* [EXERCISE INSTRUCTIONS]: Go through the records below and copy out every line that contains the word "эксплуатации".
DATA TO PROCESS section start
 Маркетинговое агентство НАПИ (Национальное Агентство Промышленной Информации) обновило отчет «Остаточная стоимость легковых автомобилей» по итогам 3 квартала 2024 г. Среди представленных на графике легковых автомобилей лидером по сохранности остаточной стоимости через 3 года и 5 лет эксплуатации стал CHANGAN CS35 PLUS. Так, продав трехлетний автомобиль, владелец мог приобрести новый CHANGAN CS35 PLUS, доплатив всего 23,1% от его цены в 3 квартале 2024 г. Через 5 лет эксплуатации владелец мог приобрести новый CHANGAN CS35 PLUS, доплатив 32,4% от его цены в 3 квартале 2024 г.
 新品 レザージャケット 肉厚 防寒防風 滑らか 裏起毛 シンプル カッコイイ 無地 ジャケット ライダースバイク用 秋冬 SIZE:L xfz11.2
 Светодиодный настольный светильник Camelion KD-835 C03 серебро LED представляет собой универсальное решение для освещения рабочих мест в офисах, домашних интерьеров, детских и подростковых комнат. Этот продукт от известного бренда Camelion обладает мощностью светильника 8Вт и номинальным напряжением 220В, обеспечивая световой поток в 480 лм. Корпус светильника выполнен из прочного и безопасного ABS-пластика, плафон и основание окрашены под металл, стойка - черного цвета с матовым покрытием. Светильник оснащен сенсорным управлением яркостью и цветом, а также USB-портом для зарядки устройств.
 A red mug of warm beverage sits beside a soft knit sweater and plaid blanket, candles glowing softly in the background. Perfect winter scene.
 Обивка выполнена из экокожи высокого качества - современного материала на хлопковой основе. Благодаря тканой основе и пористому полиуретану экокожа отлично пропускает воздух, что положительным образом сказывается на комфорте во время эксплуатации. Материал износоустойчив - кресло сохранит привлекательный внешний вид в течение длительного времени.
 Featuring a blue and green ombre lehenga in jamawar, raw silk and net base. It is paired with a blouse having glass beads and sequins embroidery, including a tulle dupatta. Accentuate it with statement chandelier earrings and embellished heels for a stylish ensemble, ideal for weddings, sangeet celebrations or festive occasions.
DATA TO PROCESS section end
DATA TO PROCESS section start
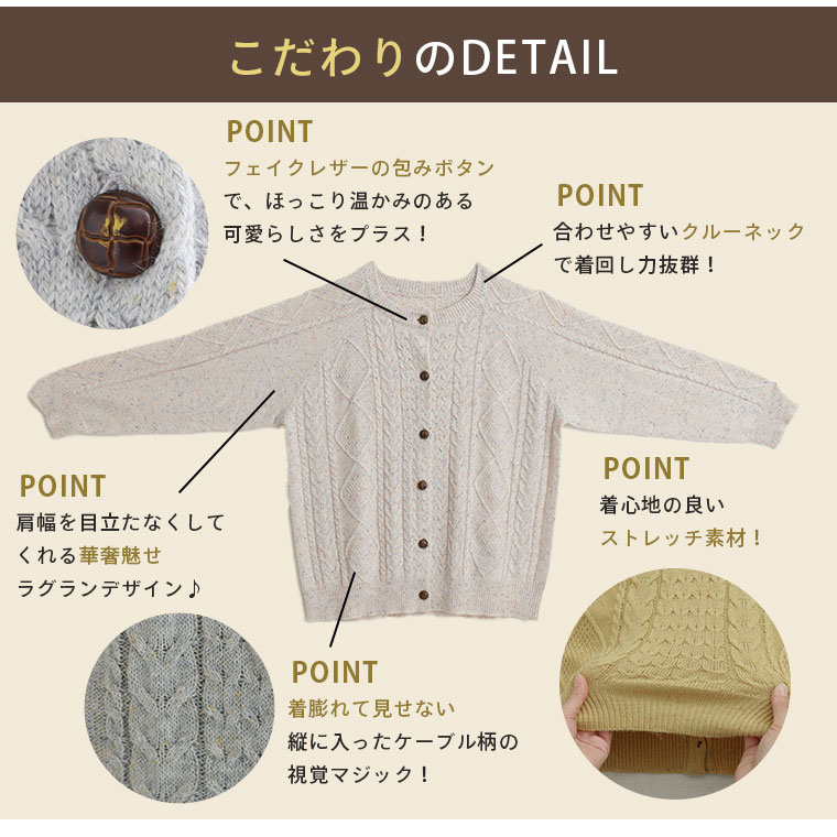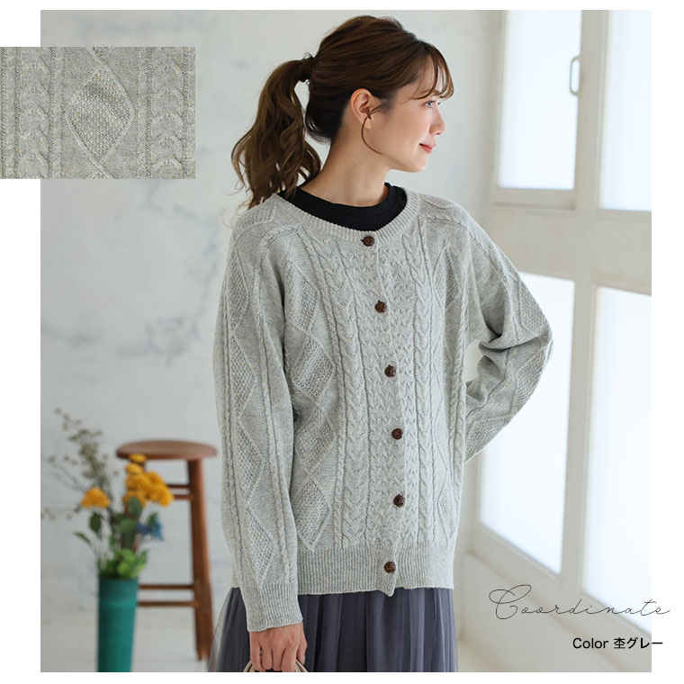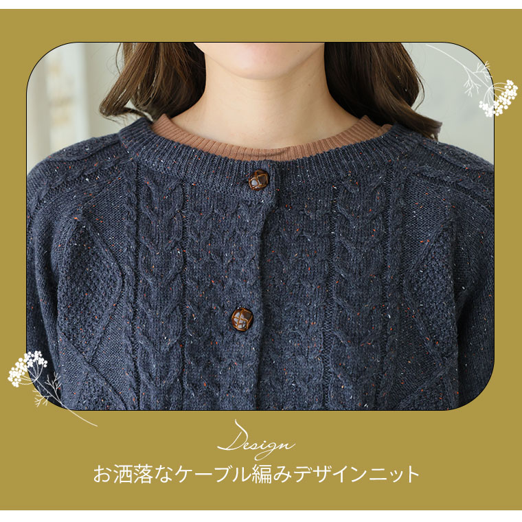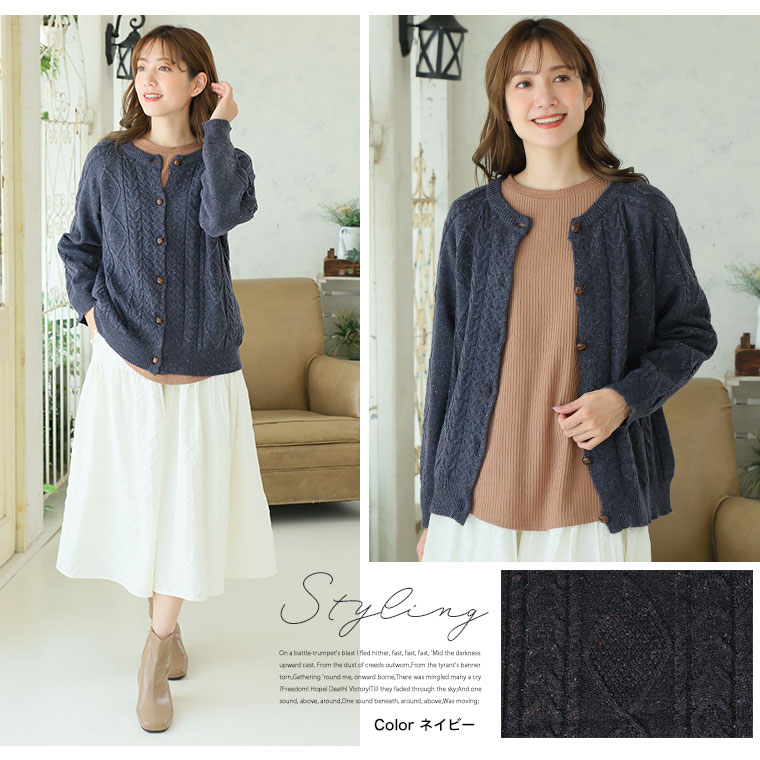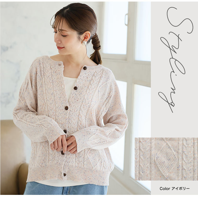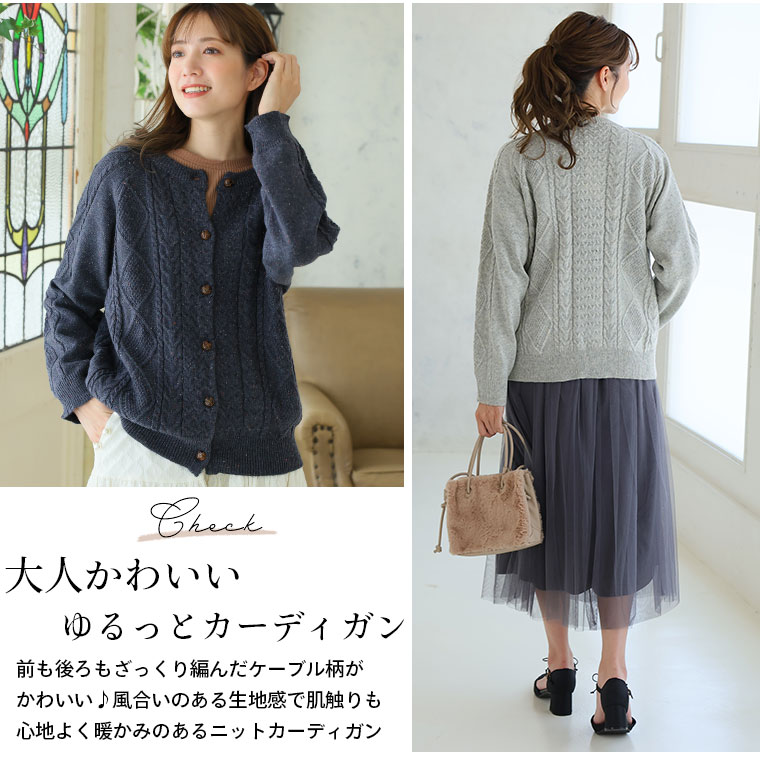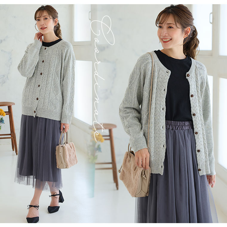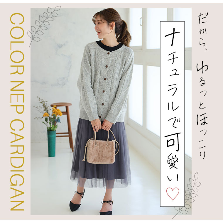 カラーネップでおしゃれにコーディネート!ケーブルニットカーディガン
DATA TO PROCESS section end
DATA TO PROCESS section start
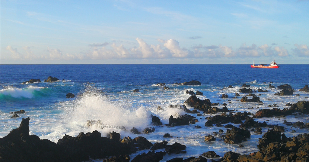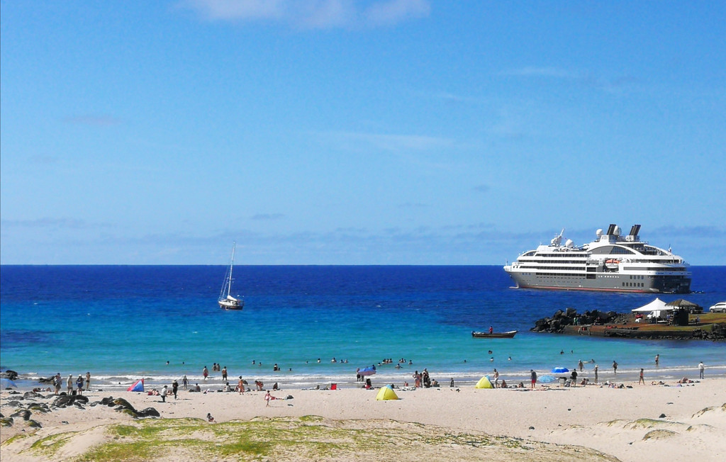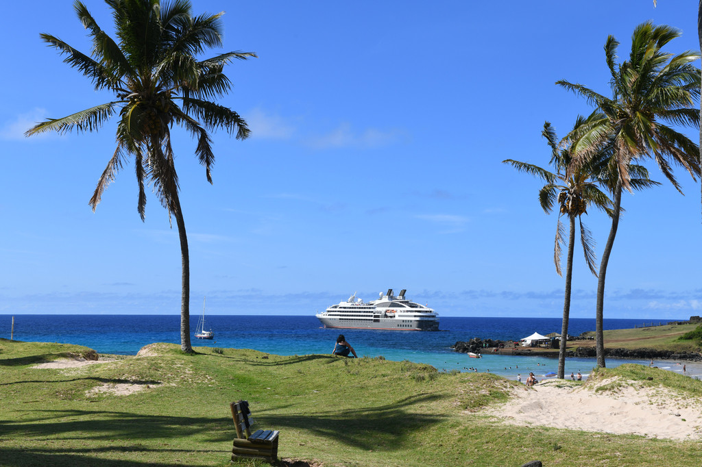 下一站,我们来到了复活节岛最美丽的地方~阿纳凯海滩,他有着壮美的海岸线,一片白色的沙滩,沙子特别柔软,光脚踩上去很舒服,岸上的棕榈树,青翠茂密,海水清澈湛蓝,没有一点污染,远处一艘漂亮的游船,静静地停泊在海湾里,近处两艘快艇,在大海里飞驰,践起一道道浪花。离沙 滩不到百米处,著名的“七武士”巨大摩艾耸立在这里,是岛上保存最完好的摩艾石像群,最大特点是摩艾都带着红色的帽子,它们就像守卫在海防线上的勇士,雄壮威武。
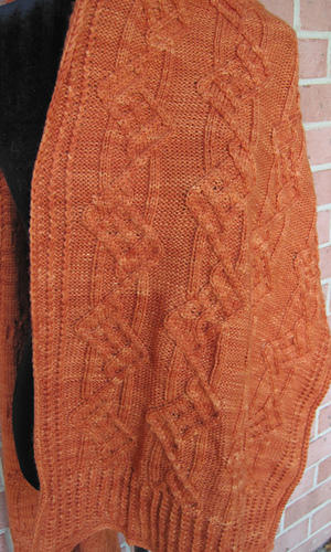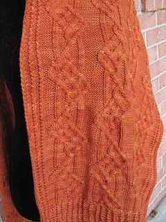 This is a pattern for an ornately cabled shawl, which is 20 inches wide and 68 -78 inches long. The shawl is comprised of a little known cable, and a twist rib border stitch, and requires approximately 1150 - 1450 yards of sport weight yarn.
DATA TO PROCESS section end
* [SOLUTION TO THE PROBLEM]:
 Маркетинговое агентство НАПИ (Национальное Агентство Промышленной Информации) обновило отчет «Остаточная стоимость легковых автомобилей» по итогам 3 квартала 2024 г. Среди представленных на графике легковых автомобилей лидером по сохранности остаточной стоимости через 3 года и 5 лет эксплуатации стал CHANGAN CS35 PLUS. Так, продав трехлетний автомобиль, владелец мог приобрести новый CHANGAN CS35 PLUS, доплатив всего 23,1% от его цены в 3 квартале 2024 г. Через 5 лет эксплуатации владелец мог приобрести новый CHANGAN CS35 PLUS, доплатив 32,4% от его цены в 3 квартале 2024 г.
 Обивка выполнена из экокожи высокого качества - современного материала на хлопковой основе. Благодаря тканой основе и пористому полиуретану экокожа отлично пропускает воздух, что положительным образом сказывается на комфорте во время эксплуатации. Материал износоустойчив - кресло сохранит привлекательный внешний вид в течение длительного времени.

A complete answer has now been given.